**PROVIDED INFORMATION**
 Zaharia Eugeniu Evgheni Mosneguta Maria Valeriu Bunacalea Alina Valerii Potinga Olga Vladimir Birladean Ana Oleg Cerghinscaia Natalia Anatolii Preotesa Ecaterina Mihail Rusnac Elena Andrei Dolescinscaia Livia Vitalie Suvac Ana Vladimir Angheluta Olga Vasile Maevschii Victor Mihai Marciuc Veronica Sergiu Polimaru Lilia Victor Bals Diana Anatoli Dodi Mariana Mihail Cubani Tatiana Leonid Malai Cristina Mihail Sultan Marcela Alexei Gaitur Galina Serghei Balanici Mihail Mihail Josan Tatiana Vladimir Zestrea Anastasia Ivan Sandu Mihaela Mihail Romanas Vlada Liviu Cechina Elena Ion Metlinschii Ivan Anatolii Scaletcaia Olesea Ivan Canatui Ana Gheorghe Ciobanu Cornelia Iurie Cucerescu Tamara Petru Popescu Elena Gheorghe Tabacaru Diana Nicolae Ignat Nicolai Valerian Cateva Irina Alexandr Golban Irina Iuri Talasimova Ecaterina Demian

--

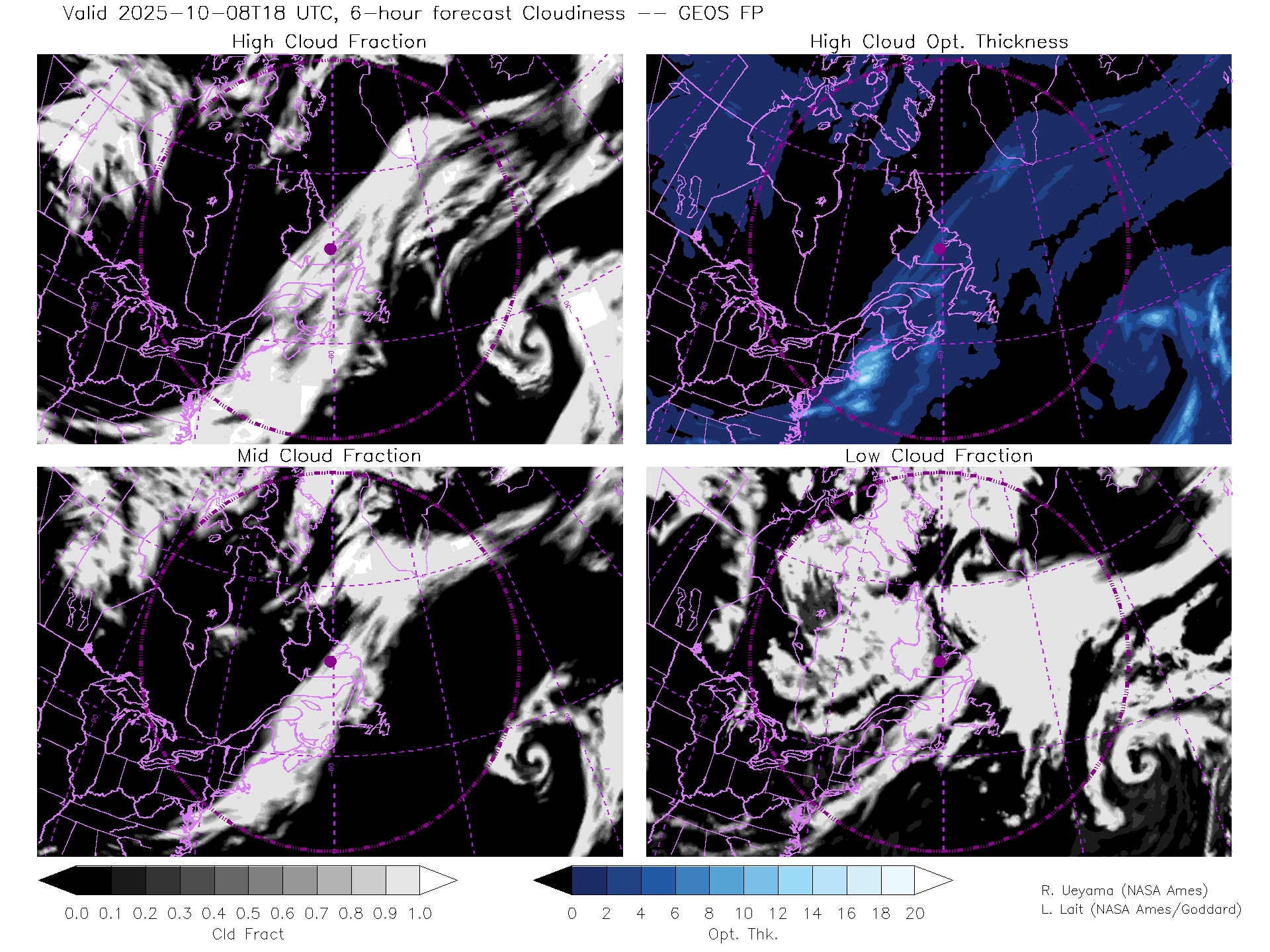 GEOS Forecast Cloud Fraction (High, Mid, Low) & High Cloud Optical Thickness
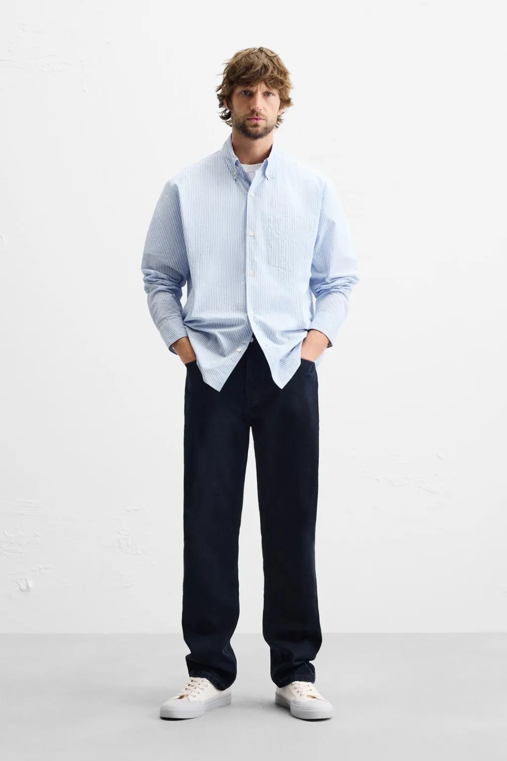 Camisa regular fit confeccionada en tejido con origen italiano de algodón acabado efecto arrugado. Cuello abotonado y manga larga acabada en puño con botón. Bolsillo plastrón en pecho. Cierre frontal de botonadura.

* * *

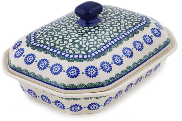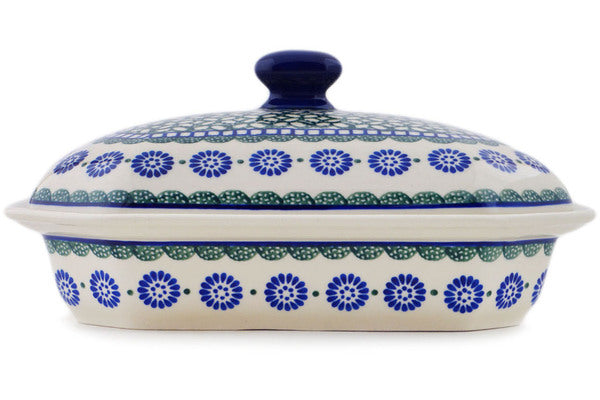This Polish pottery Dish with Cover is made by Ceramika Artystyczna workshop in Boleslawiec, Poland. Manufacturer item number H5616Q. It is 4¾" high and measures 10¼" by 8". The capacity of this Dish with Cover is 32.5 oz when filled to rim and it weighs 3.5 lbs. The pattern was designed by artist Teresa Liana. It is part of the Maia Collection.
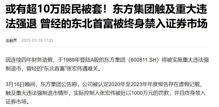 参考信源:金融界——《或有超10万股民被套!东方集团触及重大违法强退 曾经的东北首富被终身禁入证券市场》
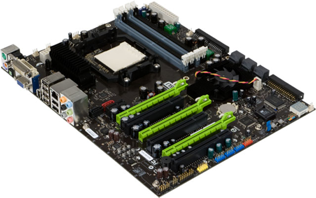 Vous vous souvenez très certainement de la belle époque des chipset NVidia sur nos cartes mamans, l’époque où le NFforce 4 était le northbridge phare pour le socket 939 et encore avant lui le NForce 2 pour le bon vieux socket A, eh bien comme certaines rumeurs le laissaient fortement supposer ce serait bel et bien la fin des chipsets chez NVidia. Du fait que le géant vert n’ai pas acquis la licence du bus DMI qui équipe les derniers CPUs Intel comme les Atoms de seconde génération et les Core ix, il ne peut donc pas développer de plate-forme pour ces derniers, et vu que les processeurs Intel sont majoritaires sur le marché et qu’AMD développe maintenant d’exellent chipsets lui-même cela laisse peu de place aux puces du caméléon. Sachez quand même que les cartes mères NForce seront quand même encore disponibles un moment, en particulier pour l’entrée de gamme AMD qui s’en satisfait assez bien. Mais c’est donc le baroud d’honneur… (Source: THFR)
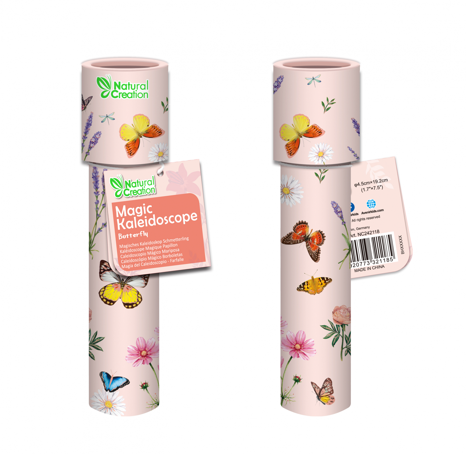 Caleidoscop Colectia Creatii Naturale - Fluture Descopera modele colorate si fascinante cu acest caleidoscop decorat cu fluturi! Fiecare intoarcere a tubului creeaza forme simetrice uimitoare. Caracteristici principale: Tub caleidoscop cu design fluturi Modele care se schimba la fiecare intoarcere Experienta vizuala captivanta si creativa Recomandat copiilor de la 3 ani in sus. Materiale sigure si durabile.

**AIM OF THE EXERCISE**
For this exercise, return exactly the lines above from the line with "GEOS Forecast Cloud" through the line with "Camisa regular fit", both included. Do not copy the pictures.

**SOLUTION FOR THIS TASK**
 GEOS Forecast Cloud Fraction (High, Mid, Low) & High Cloud Optical Thickness
 Camisa regular fit confeccionada en tejido con origen italiano de algodón acabado efecto arrugado. Cuello abotonado y manga larga acabada en puño con botón. Bolsillo plastrón en pecho. Cierre frontal de botonadura.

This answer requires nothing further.